There was plenty of money, since Miss Happyday turned out to have hoarded a great stash of banknotes under her bed, despite having always complained that she was poor. They’d always known this was nonsense – she clearly had enough to keep herself in comfort, and to keep the house in decent repair. But they were shocked to find that she had been sleeping on top of nearly ten thousand pounds, the sneaky old bat. It was enough to keep the three children in more sherbet lemons and pear drops than they could possibly eat for years to come.

And so, from the outside, St Halibut’s was still your average sinister-looking mansion dedicated to the care and training of abandoned and orphaned children. But on the inside, and in the grounds behind, there was exuberant chaos. It would have given any visitor the kind of shock they could normally only expect if they stood on the roof in a thunderstorm waving an electric eel.

As Maisie was plodding back down the hill, Tig opened the letter and went very still.

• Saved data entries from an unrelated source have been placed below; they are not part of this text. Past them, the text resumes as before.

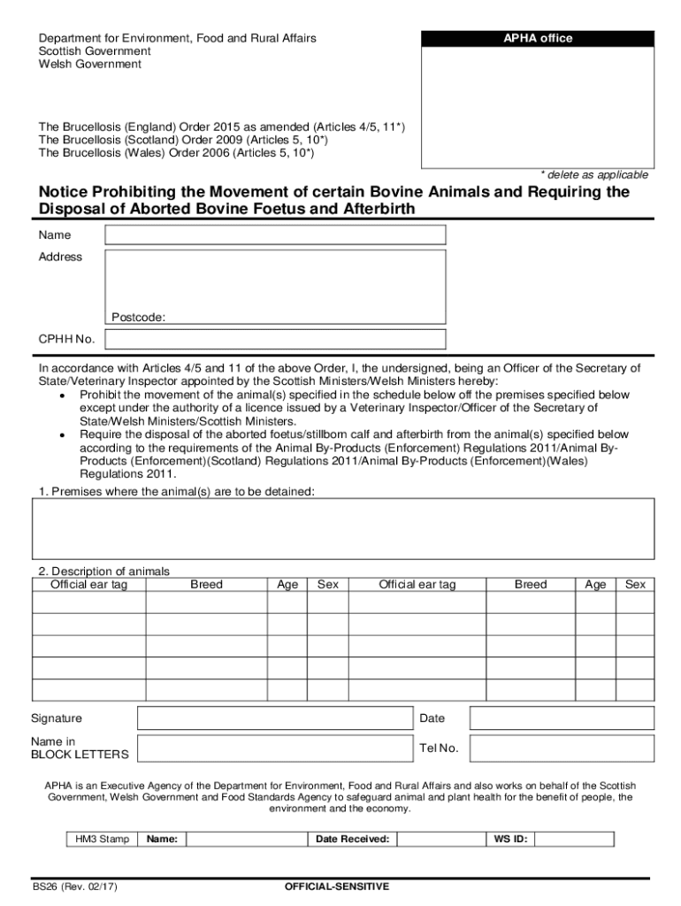 Department for Environment, Food and Rural Affairs Scottish Government Welsh Governmental office Brucellosis (England) Order 2015 as amended (Articles 4/5, 11*) The Brucellosis (Scotland) Order 2009
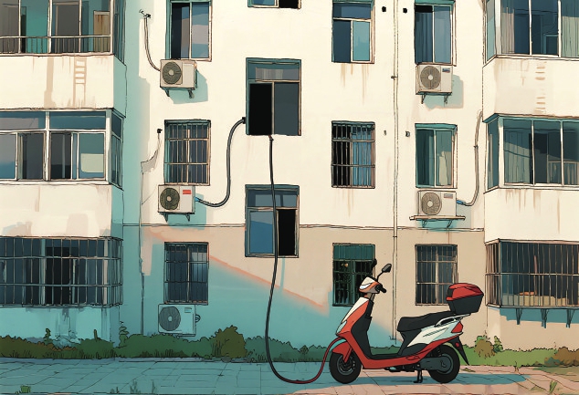 误区:从高楼窗口拉电线给楼下电动车充电。
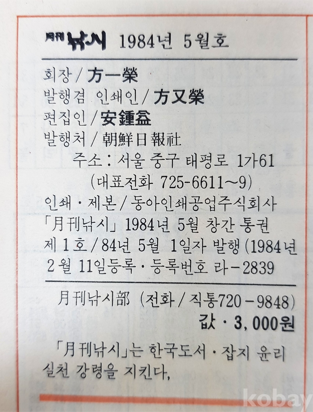 [창간호] 月刊 낚시*조선일보사,1984년,244쪽
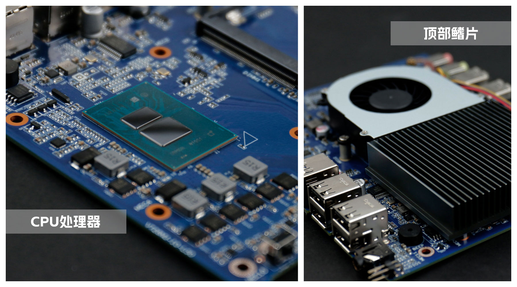 主板是k8.com桌面云终端Y-BOX S2的核心部件,拆开主板上的顶部铝制鳍片与风扇,整体配色是常规的深蓝色,由k8.com自有工厂倾力打造,CPU采用板贴的形式,表面涂了一层散热膏用于导热,可以支持intel新一代Alder Lake-N平台处理器,为英特尔首款基于 7nm 的产品线,最高可支持到8核,采用大小核(E核、P核)的全新架构,在同等功耗下有更优异的性能表现。
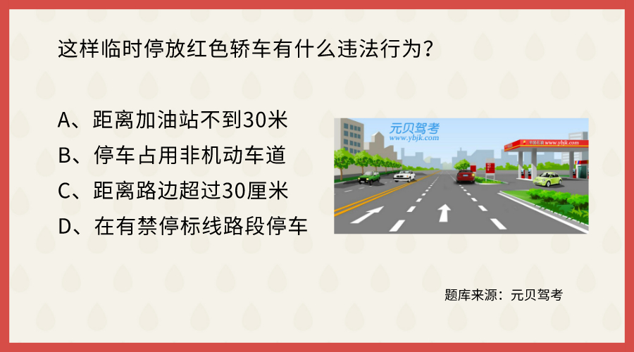 官方解析:图中为加油站,按照道路法规规定在此设施30米以内,不能停车,需要使用加油站车辆应该按照规定停车使用。
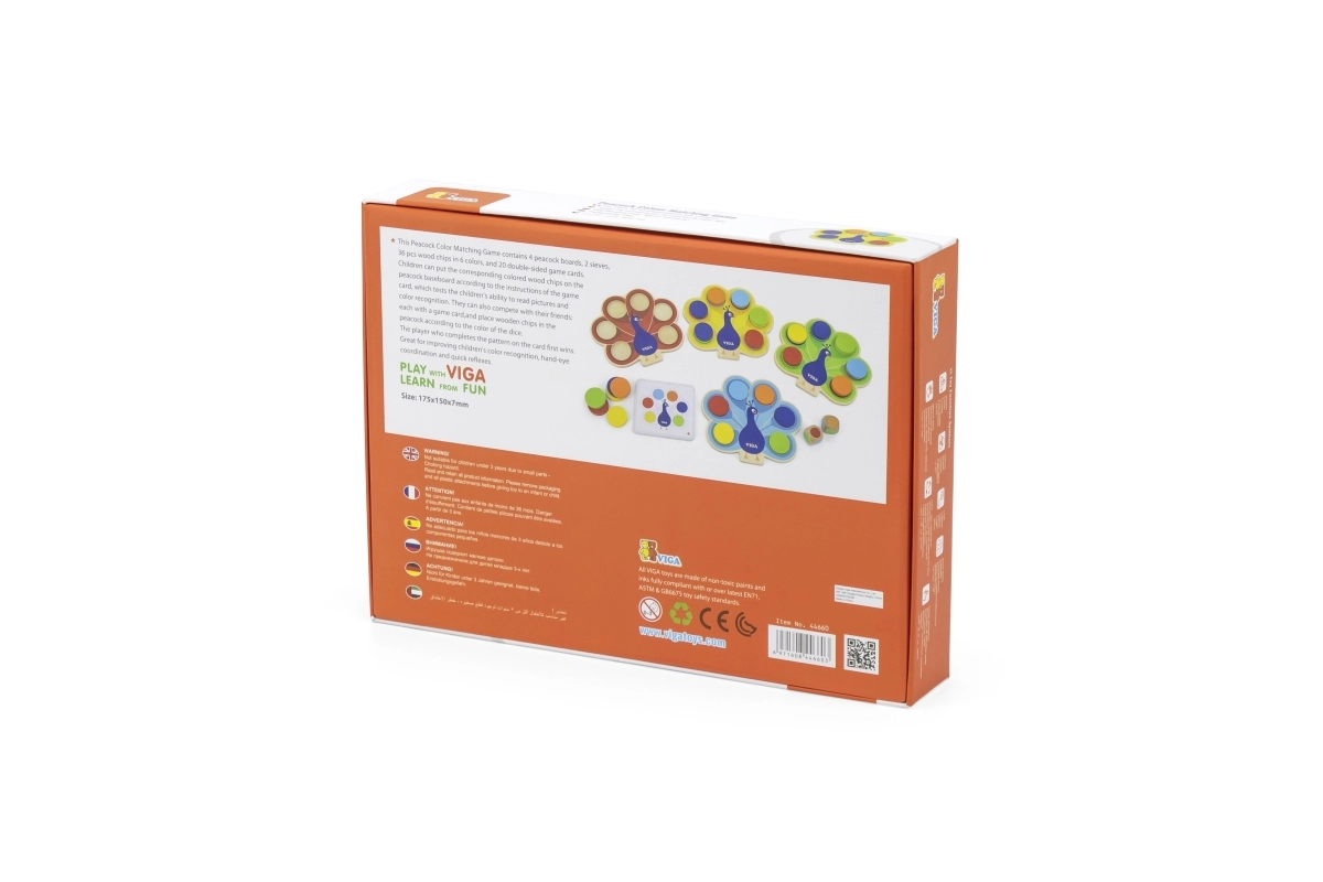 Atraskite sumaniai sukurtą medinį žaidimą, kuriame vaikai komplektuoja spalvingą povo uodegą. Remdamiesi dviem pusėm spausdintomis kortelėmis arba kauliukų metimo rezultatu, jie įstato diskus į tinkamas angas, taip natūraliai lavindami loginį mąstymą, dėmesį ir judesių sinchronizaciją. Saugus bukmedžio korpusas ir netoksiškos spalvos užtikrina rūpesčių nekeliantį žaidimą.
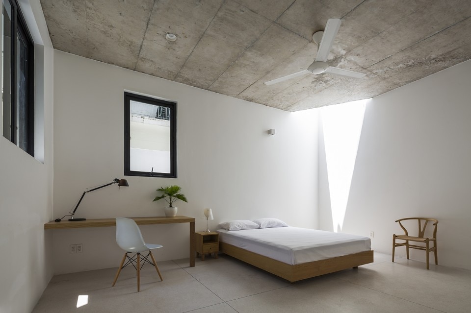 Due to the area's tropical climate, the natural light crossing through the building is at the same time a quality and a threat: therefore, all the main openings rotate from the side walls alignment to avoid its directs rays and rather take advantage of their reflection. A somewhat unannounced presence: a triangular skylight brings a perfectly vertical sunlight into one of the ground floor’s bedrooms.
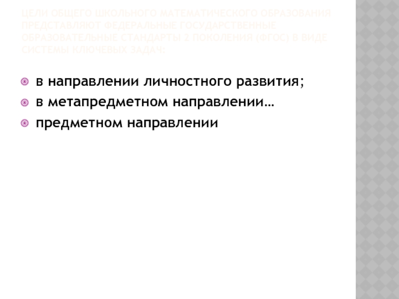 Слайд 2Цели общего школьного математического образования представляют Федеральные Государственные Образовательные Стандарты 2

What had come in the post was not just an envelope with a message in it. It was the most hideous possible combination of words ever set in ink. A ticking bomb wrapped in horse manure and chucked through the window would have been far more welcome.

Tig held it pinched between her thumb and forefinger, the stiff breeze snapping at the paper as though impatient to dispose of it. She imagined letting go, watching the wind snatch it high over the driveway and the expressionless dark windows of St Halibut’s Home for Waifs and Strays.

She had been a fool to think their happiness would last for long. Three days: that was all that was left of their lives.

She barely heard Stef crunch up the gravel behind her. ‘What’s up?’

There were no words to express the horror.

‘Tig?’

She turned and handed Stef the letter, her jaw clenched.